Part of the book series: Topics in Current Chemistry ((TOPCURRCHEM,volume 241))

Abstract

The Ln3+ ion is situated at a site of octahedral symmetry in crystals of the lanthanide elpasolites, M2ALnX6. The syntheses and crystal structures of M2ALnX6 are described, with particular reference to phase transitions. The centrosymmetric environment of Ln3+ confers different spectral properties than are observed for most solid-state lanthanide ion systems, and the selection rules are deduced. The vibrational, electronic Raman and electronic spectra of the lanthanide elpasolite systems are presented and discussed.

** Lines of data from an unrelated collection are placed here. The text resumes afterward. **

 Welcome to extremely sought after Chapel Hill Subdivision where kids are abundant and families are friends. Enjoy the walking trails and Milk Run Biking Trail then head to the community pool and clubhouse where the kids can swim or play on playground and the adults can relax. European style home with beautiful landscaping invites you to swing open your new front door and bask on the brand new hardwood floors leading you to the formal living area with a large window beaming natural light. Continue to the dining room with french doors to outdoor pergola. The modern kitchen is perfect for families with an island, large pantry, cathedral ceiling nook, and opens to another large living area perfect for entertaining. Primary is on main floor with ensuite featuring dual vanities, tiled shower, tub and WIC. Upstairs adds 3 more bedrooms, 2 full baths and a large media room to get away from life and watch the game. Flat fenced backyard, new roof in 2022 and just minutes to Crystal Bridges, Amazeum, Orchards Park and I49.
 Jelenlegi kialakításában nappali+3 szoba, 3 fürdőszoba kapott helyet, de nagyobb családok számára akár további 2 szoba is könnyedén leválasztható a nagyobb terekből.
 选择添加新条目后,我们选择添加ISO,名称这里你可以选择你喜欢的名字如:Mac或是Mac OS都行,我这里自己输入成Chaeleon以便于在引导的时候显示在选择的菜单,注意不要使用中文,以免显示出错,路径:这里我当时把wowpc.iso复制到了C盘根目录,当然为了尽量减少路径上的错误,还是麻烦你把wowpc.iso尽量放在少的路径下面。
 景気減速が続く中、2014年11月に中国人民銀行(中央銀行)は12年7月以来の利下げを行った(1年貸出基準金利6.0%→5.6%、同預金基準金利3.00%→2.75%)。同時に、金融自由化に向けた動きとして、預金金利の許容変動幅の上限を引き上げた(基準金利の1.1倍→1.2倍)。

The electronic spectra are described in terms of the 4fN-4fN zero phonon line and the vibronic sideband structure and the success of intensity calculations is evaluated. The synergy of one- and two-photon studies is emphasized. The differences with the 4fN-4fN−15d spectra of M2ALnX6 are illustrated. The parametrization of the energy level datasets is assessed and the success of recent refinements is analysed. Following a brief review of the theory of energy transfer in crystals, experimental studies of quenching, cross-relaxation, upconversion and photon avalanche in neat and doped elpasolite systems are reviewed. Physical mechanisms are given for spectral features and for energy transfer pathways.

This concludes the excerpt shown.